We downsized to a 2 bed rental from 3 bed / 2 reception when we moved areas. I was really into it and seriously decluttered - probably brought about 1/3 of our stuff from the old house. It was really freeing and I loved having less space to clean. However, DS2 came along, we had no place for guests to stay (family live abroad) and as the kids grew we were tripping over their stuff despite serious decluttering efforts. We didn't have space to store bikes / scooters etc and it was time to move. Now we've moved to a larger house and I can't believe how much stress has gone (despite renovations!). I think we will downsize again when the kids grow up. I think you have to be very realistic about it though and plan where everything is going to go, what it is like to not be able to keep things that are not in current use, and what you may be giving up in terms of maintaining relationships (do you have guests, entertain a lot, etc). Financially we're about the same as we've moved from our rental in an expensive area to a village outside. I am loving the space and seclusion, but it isn't for everyone. In hindsight, the small house we could have lived with if we'd had a garage for storage. Also, I am a bit of a homebody and I like to be at home. If you are the sort of family who are out and about all the time and can't stand being in the house then it may be the best move you've ever made!

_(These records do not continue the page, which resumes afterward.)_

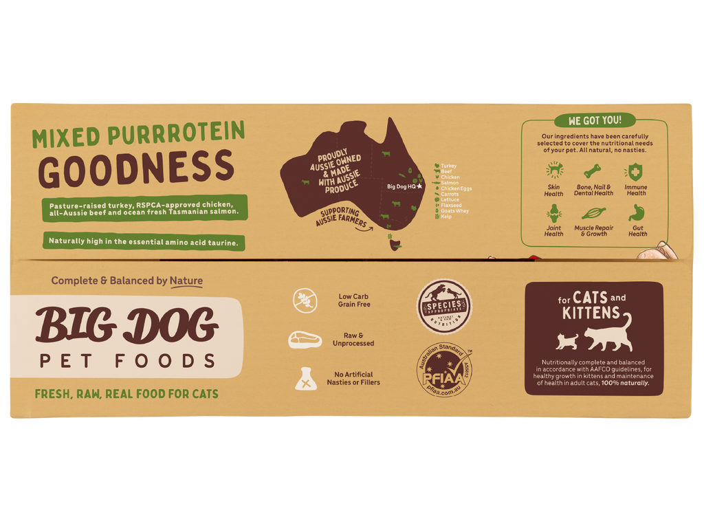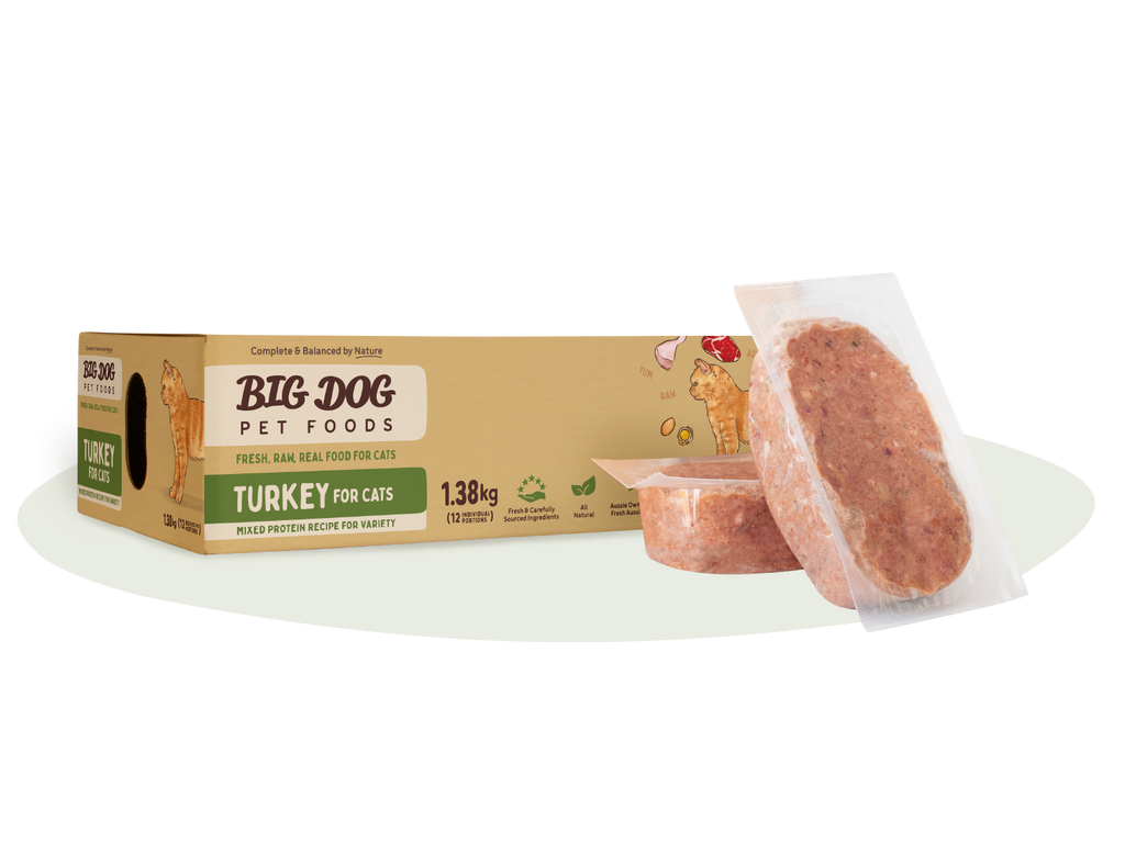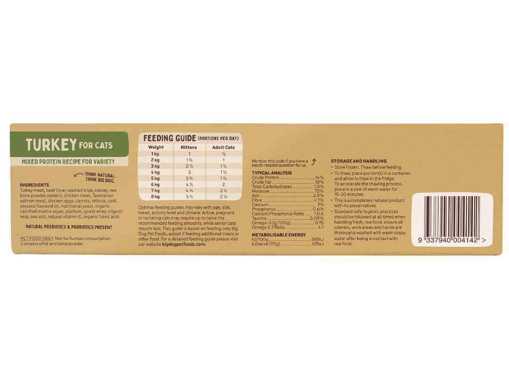 For a lighter flavour, your cat may prefer Big Dog's Turkey for Cats. This mixed protein recipe features turkey as the main protein source and contains the benefit of lean muscle meat, vitamin and mineral-rich offal, calcium-rich raw bone powder as well as biologically appropriate amounts of vegetables, whole eggs and kelp, just to name a few. Your tiny carnivore will gobble up Big Dog's Turkey for Cats!
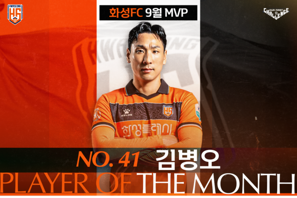 2일 화성FC는 "베테랑 공격수 김병오 선수가 팬 투표를 통해 2025시즌 9월 월간 MVP로 선정됐다"라고 밝혔다. 이번 팬 투표는 9월 29일부터 30일까지 구단 공식 소셜미디어(SNS) 채널을 통해 진행됐으며, 전체 투표자의 36%가 뽑은 김병오가 9월 MVP로 이름을 올렸다.
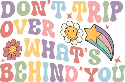 See allEmbrace a wave of positive vibes and retro style with our "Don't Trip Over What's Behind You" DTF transfer. This vibrant design features the uplifting message in a bubbly, groovy font, rendered in a delightful pastel palette of lavenders, peaches, mints, and soft yellows. Accented with charming smiley face flowers and a whimsical rainbow shooting star, this design exudes optimism and a nostalgic 70s aesthetic. It’s a perfect ready to press DTF transfer for anyone looking to add a touch of encouragement to their wardrobe or accessories. This delightful iron on transfer is ideal for anyone who loves vintage aesthetics, inspiring quotes, or simply wants to carry a positive message with them. It’s perfect for Gen Z and Millennials seeking unique apparel that reflects their optimistic outlook. Small t-shirt businesses and crafters will find this heat transfer design an excellent addition to their inventory for custom orders or unique merchandise. Gift this encouraging piece for birthdays, back-to-school season, or as a thoughtful pick-me-up for friends and loved ones. Applying this heat press transfer is incredibly easy, making it suitable for both experienced crafters and beginners. It works beautifully on a wide range of materials including cotton, polyester, cotton-poly blends, and even nylon. Simply use a heat press at 300-325°F for 15 seconds with medium pressure, or apply with a household iron. There's no tedious weeding required – just peel and press! Create custom t-shirts, cozy hoodies, stylish tote bags, unique denim jackets, or decorative pillow covers with professional results. Our ready to press transfer ensures superior quality and durability. Experience vibrant, full-color printing with exceptional detail that truly pops. The design is crack-resistant and boasts a soft, lightweight feel, avoiding the heavy, stiff texture often associated with vinyl transfers. Each direct to film transfer is produced on premium DTF film with a strong adhesive backing, guaranteeing a smooth application and a finished product that stands the test of time through countless washes.
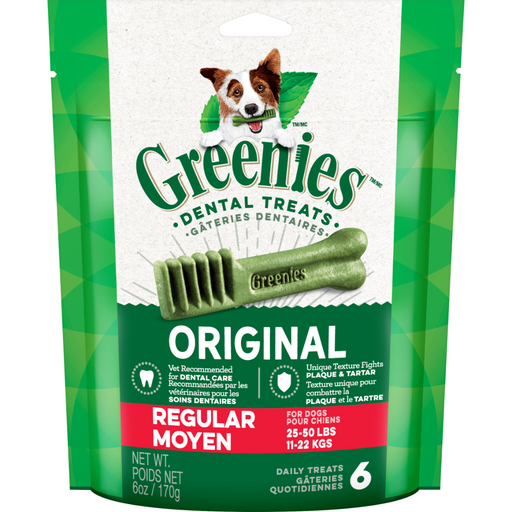 $11.99Greenies Dental Treat 6/Reg 6oz One GREENIES™ Original Dental Treat a day is all it takes for clean teeth, fresh breath and a happy dog. Your dog c...

Yfronts Sat 12-Jan-13 10:56:40

Wendy we have been decluttering too and it make me feel amazing!

Yfronts Sat 12-Jan-13 11:06:07

The semi we have our eye on has enough bedrooms but the actual living areas are reduced - smaller and no play room. Could convert the garage for extra space but it isn't actually attached to the house.

I think we would have to keep our belongings to the minimal if we did move.

Kiriwawa Sat 12-Jan-13 11:06:30

We moved from a flat in London to a house in Kent so we have more space but a much smaller mortgage. Financially it's a massive relief and it's lovely having the additional space and now I can't figure out how we managed to fit everything into our flat!

Thankfully only commute a couple of days a week a week though - as Bumblequeen says, a long daily commute is exhausting.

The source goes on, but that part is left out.